# MADS Frog meet



## ggazonas (May 11, 2008)

The frog room is up and running and now I'm looking to have a frog meet in October. I'm thinking of doing it on Saturday October 14 starting at noon. 

Let me know whose interested. 

Thanks

George


----------



## carola1155 (Sep 10, 2007)

Not sure how long I'll be able to stay, but I'll try to swing by a bit.


----------



## ggazonas (May 11, 2008)

For those who are interested anyone is allowed to come to the meet. It's open to all froggers and reptile enthusiast. 

I in Jenkintown pa which is between philly and willow grove


----------



## pa.walt (Feb 16, 2004)

good chance i will be there.


----------



## ggazonas (May 11, 2008)

ggazonas said:


> The frog room is up and running and now I'm looking to have a frog meet in October. I'm thinking of doing it on Saturday October 14 starting at noon.
> 
> Let me know whose interested.
> 
> ...


A few photos of the frog room


----------



## Spaff (Jan 8, 2011)

Room looks good, George!


----------



## ggazonas (May 11, 2008)

I'll be hosting a frog meet on Saturday October 14th. Anyone is welcomed. I'd like to get an idea of whose interested in attending. 

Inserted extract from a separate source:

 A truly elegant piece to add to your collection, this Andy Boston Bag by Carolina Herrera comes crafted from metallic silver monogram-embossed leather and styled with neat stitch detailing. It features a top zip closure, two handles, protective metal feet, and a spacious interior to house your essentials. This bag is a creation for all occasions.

Again I live in jenkintown pa which is north of Philadelphia. 

Let me know if your interested. 

Thanks


----------



## MDfrog (Apr 2, 2012)

I'll be there, and great looking frog room.


----------



## ggazonas (May 11, 2008)

For anyone interested, the frog meet will be held on October 14th starting at 12. 

My address is 

232 Wyncote road
Jenkintown, Pa 19046

I'm north of philly

I'll have food and drinks (non alcoholic). Feel free to bring any food or beer if you'd like.

I've also posted this information on the MADS facebook page, which has gotten more attention.
Look forward to seeing everyone


----------



## ngeno626 (Nov 14, 2013)

I?m in. 
Let me know if anyone would like me to bring frogs 
Chazuta special $100 trio


----------



## Tricolor (Jun 12, 2009)

Wish I could make it! Place looks great.


----------



## godjockey (Nov 14, 2009)

My company is celebrating it's 20th anniversary that day otherwise I would've made it.

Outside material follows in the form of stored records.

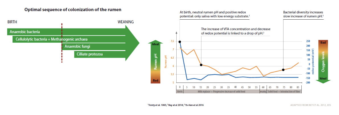 Colonization follows a very precise sequence, linked to the evolution of the rumen environment. At birth, the digestive tract is considered sterile. However, microbial establishment occurs immediately after birth, by inoculation through the dam vaginal canal, feces, and saliva. Rapid bacterial growth occurs even in the absence of a fermentable substrate. The first bacteria to settle change the environment by consuming desquamated rumen epithelial cells and oxygen, thus lowering the pH through VFA production. Then, ecological conditions are more suitable for colonization by strict anaerobes, which occurs progressively, with fiber-degrading bacteria, methanogenic Archaea, cellulolytic fungi, and finally, ciliate protozoa. Rumen maturity is considered as fully achieved when ciliate protozoa are established, at around two months of age.
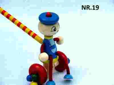 PCHANKA DREWNIANA PAJAC SZNURKOWY ZDJĘCIE NR.19, KIEDY JEDZIE PCHANKA PAJAC MACHA NOGAMI W PRAWO I W LEWO, KORALIKI NA KOŁACH STUKOCĄ
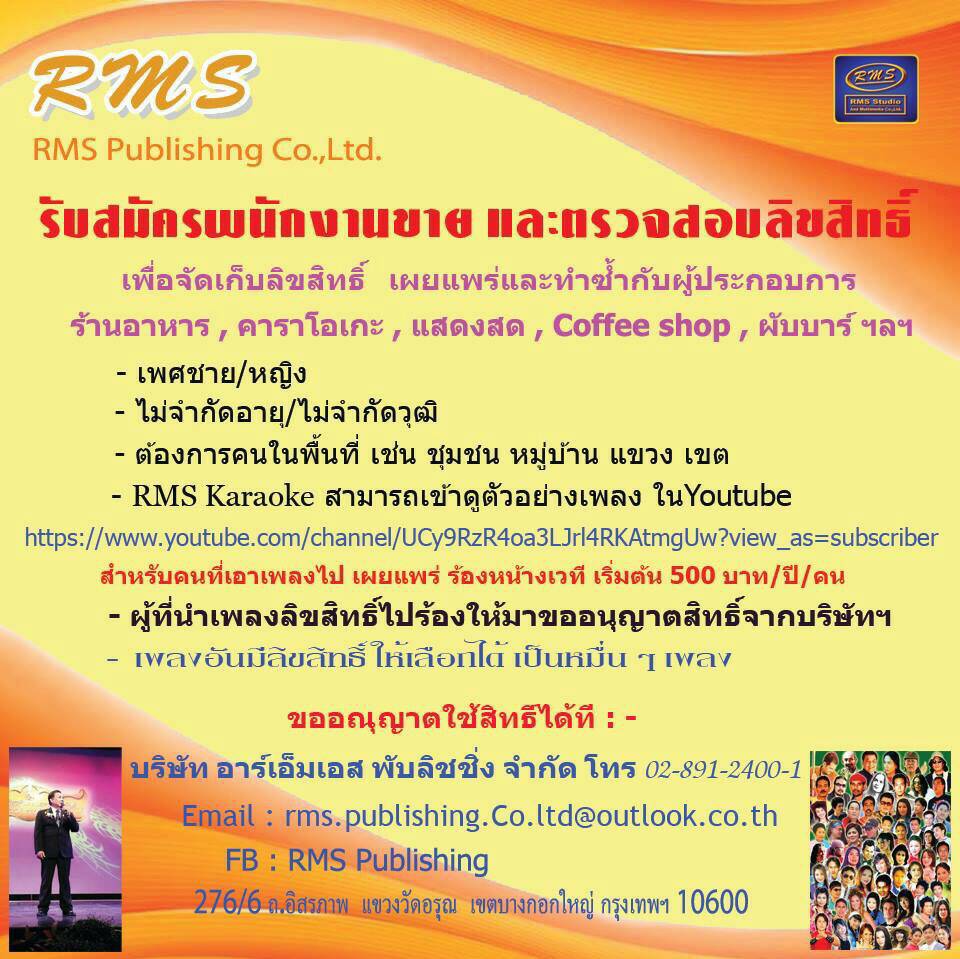 นายจำรักษ์ เอื้ออารีนุสรณ์ ผู้บริหารด้านลิขสิทธิ์ บริษัท อาร์เอ็มเอส สตูดิโอ แอนด์ มัลติมีเดีย จำกัด กล่าวถึงการบริหารงานด้านลิขสิทธิ์เพลงของอาร์เอ็มเอสฯ ที่เน้นความถูกราคาเบาๆ ให้ผู้ใช้ได้มีส่วนร่วมว่า “ที่ผ่านมานักร้องเอาเพลงไปร้องตามงานมีปัญหาหนัก เนื่องด้วยเจ้าของสิทธิ์หรือผู้ที่ได้รับมอบอำนาจไปไล่ตามเก็บบางงานผู้ใช้เขาก็ไม่รู้ ซึ่งทางอาร์เอ็มเอสฯมีเพลงอยู่หลายหมื่นเพลงที่ตลาดยังใช้กันอยู่ เช่นของ อาภาพร มยุรา ฟ้าสีทอง ยิ่งยง เอกชัย หลง ลงลาย วงอมตะหลายแนว ซึ่งทั้งหมดนี้สามารถที่จะไปร้องแสดงสดได้ตามร้านอาหารทั่วไปโดยที่จะคิดค่าลิขสิทธิ์กับนักร้องต่อคนต่อเพลง 500 บาทต่อปี และสามารถเผยแพร่ได้ตลอด ”
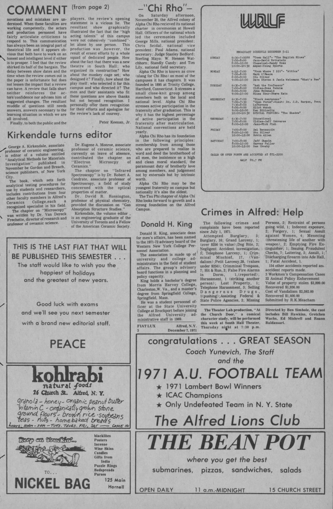 Below is page 3 of the December 7, 1971 Fiat Lux Campus Newspaper. An article titled “Chi Rho” announces the chartering of the newest chapter of Alpha Chi Rho. You can also read about the chartering in the Winter 1972 Garnet & White here.
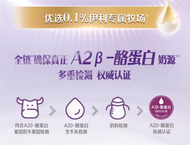 奶源:0.1%伊利专属有机牧场的纯净鲜活有机A2β-酪蛋白奶源,珍稀加码
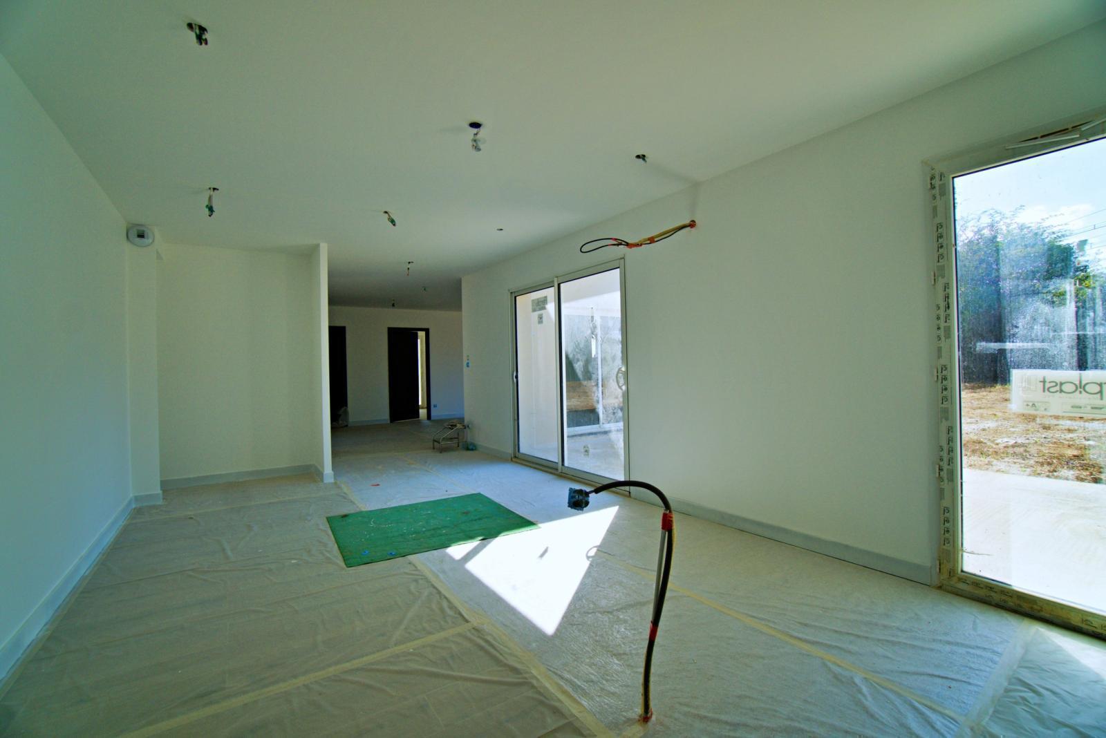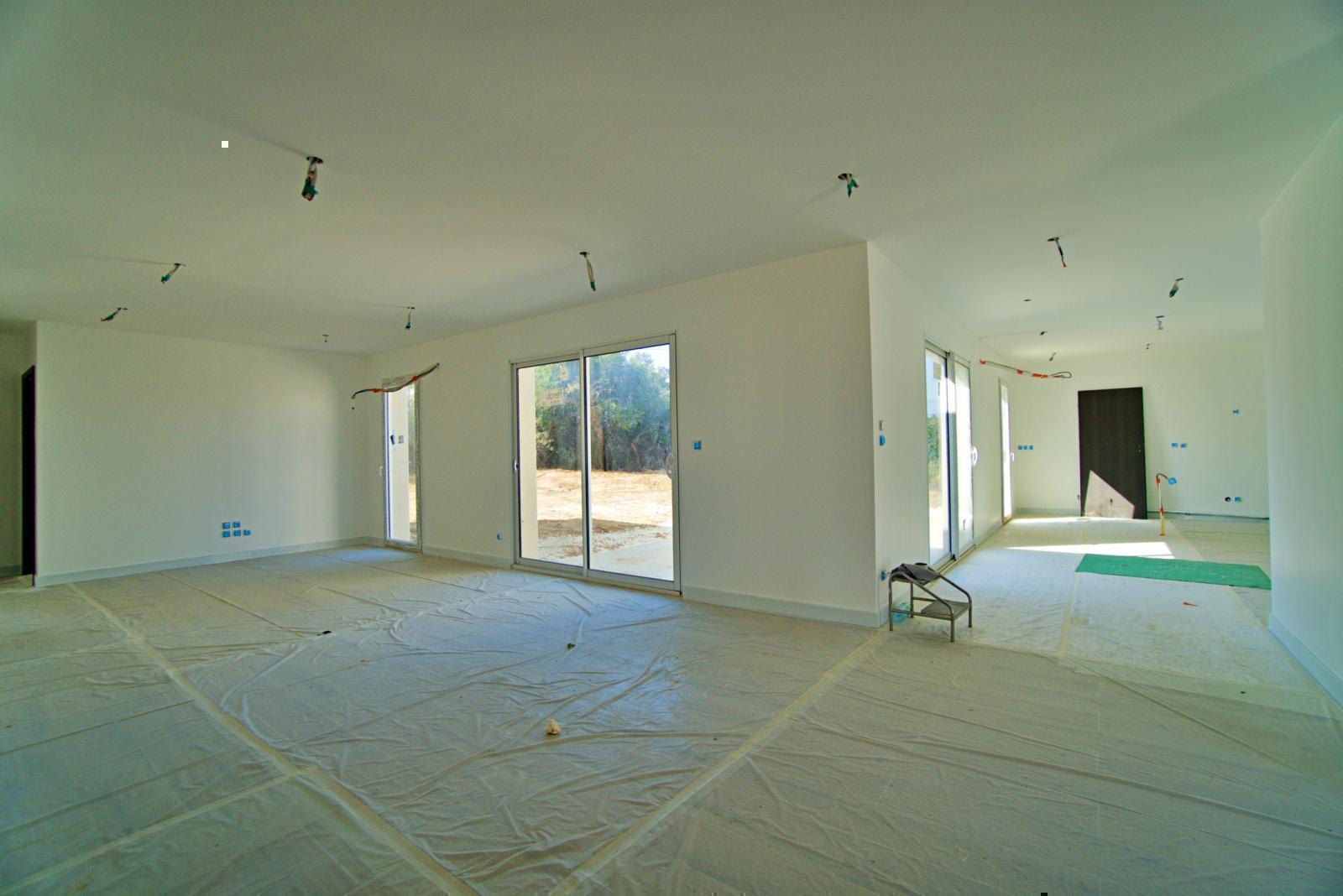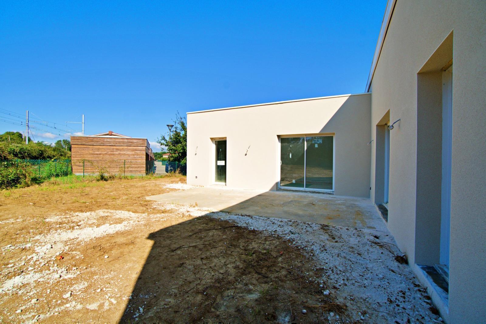 Cette maison de plain-pied propose une surface habitable de 129m². Une entrée avec placard donne accès à la spacieuse pièce de vie de 60m² exposée Sud Ouest. Cette pièce donne accès à trois chambres, une suite parentale avec salle d'eau et une salle de bains indépendante. La maison profite également d'un garage attenant et d'une buanderie. Elle est implantée sur une parcelle de 700m² de terrain, au sein d'un lotissement de 6 lots.

Keep me in the loop for next time - I'm only a little over an hour away.


----------



## MDfrog (Apr 2, 2012)

Unfortunately I just found out I will be traveling for work this weekend.

Hopefully I can get away from work for the next meetup.


----------



## pa.walt (Feb 16, 2004)

thanks to george and his wife for hosting the meet yesterday. talked to some people that haven't seen in years.


----------